We roost at the upstairs bar of the famous theatre restaurant to talk to busy octogenarian playwright A.R. Gurney, Jr., author of The Grand Manner, Sylvia and the new Office Hours.

A.R. Gurney, Jr.
A.R. Gurney, Jr. Photo by Krissie Fullerton


A.R. Gurney, Jr. would like to have a drink. But he can't. He enters Sardi's second floor bar with a big box under his arms. It's filled with opening night presents for the cast of his latest play, Office Hours, which was opening at the Flea Theatre Off-Broadway the night we met.
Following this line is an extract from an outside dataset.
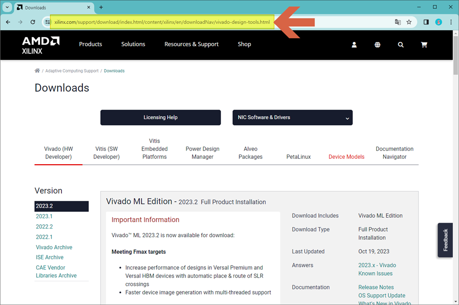 이제 Vivado 툴을 다운로드 하면 된다. 해당 툴을 다운로드 하는 경로는 아래와 같다.

"That looks gooood," he said, his eyes clapping on his interviewer's cocktail. "Is that a dry Martini? That looks delicious. But they hit me too hard and tonight's going to be a long night."
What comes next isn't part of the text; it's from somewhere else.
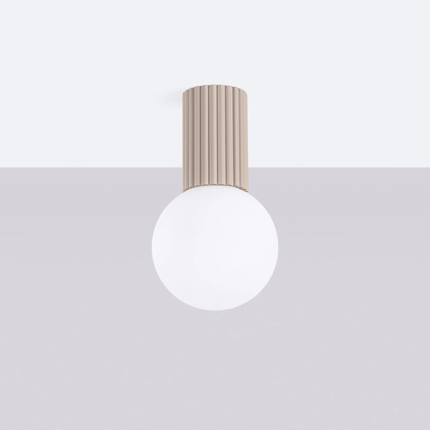 Lampa sufitowa HALO marki Sollux Lighting to nowoczesna propozycja oświetlenia sufitowego, która łączy minimalistyczny design z wysoką funkcjonalnością i odpornością na wilgoć. Dzięki swojemu uniwersalnemu wyglądowi oraz zwiększonej klasie szczelności (IP44), idealnie nadaje się do wnętrz narażonych na działanie pary wodnej i wilgoci – takich jak łazienki, toalety czy kuchnie – a jednocześnie znakomicie sprawdzi się także w sypialniach, korytarzach i garderobach. Konstrukcja lampy opiera się na dwóch kontrastujących, ale harmonijnie współgrających elementach. Pierwszym z nich jest pionowy korpus wykonany z wysokiej jakości aluminium, uformowany w formę pionowych żłobień – nie tylko estetycznych, ale również praktycznych, ponieważ zwiększają one powierzchnię odprowadzającą ciepło. Drugi element to mlecznobiały, kulisty klosz wykonany ze szkła, który doskonale rozprasza światło, tworząc jednolitą i łagodną poświatę, idealną do budowania przyjemnej atmosfery w przestrzeni domowej. Oprawa HALO montowana jest natynkowo, co oznacza, że nie wymaga ingerencji w sufit podwieszany czy ścianę. Jej kompaktowa forma sprawia, że świetnie wpisuje się w aranżacje, gdzie istotna jest oszczędność miejsca i czystość linii stylistycznej. Ze względu na różnorodną kolorystykę z łatwością dopasuje się w wiele wnętrz w stylu skandynawskim, minimalistycznym, japandi czy klasycznym. Zastosowanie klasy ochrony IP44 oznacza, że oprawa jest odporna na wnikanie ciał stałych większych niż 1 mm oraz chroniona przed bryzgami wody z dowolnego kierunku, co znacząco zwiększa jej bezpieczeństwo użytkowania w trudniejszych warunkach. To czyni z niej nie tylko atrakcyjny, ale przede wszystkim praktyczny wybór do miejsc, w których oświetlenie musi być zarówno stylowe, jak i wytrzymałe. Lampa sufitowa HALO to esencja prostoty, elegancji i technicznej precyzji, stworzona z myślą o użytkownikach, którzy cenią dopracowane detale, komfort wizualny i niezawodność w codziennym użytkowaniu. To wybór świadomy i funkcjonalny – idealny dla miłośników subtelnego, ale wyrazistego oświetlenia.

There's little drinking in Office Hours, a play which draws on Gurney's long pre-theatre career as a teacher at MIT. But, generally speaking, his characters know their way around a jigger. One of his most famous titles, after all, is The Cocktail Hour. His namesake, A.R. Gurney, Sr., never saw that production. Which is probably a good thing.

"My father was nervous what I was going to say about the family," recalled Gurney. "I wrote that play, really, about him. He was dead by then. I never could have written that play while he was alive. It would have hurt him too much." Gurney, Sr. could be a tough man to impress. He didn't approve of his son's intention to become a writer. He saw some of his early plays, but, said Jr., "he didn't like them much. This is an old joke. My first well-received play in Manhattan was in 1971, at Lincoln Center, called Scenes From American Life. I said to my father, 'Come on down and see it.' He said, 'If it's any good, it will come to Buffalo.' "

A.R. Gurney, Jr.
photo by Krissie Fullerton

If Gurney couldn't get his dad to leave Buffalo for Manhattan, he did the next best thing. He put Buffalo in his plays. The upstate New York city, Gurney's wintery hometown, is the setting of many of his works, including Indian Blood and Buffalo Gal. He still travels often to the city, once the eighth largest metropolis in the U.S., but for many decades down on its luck and plagued by unemployment. He has a sister there, and many other relatives. But, he said, his hometown tales have come to an end. "I'm through with Buffalo," he said with a laugh. Nor will there be any memoir. There's no need. "Most of my plays are very close to home," he explained. "That was very much my family on stage."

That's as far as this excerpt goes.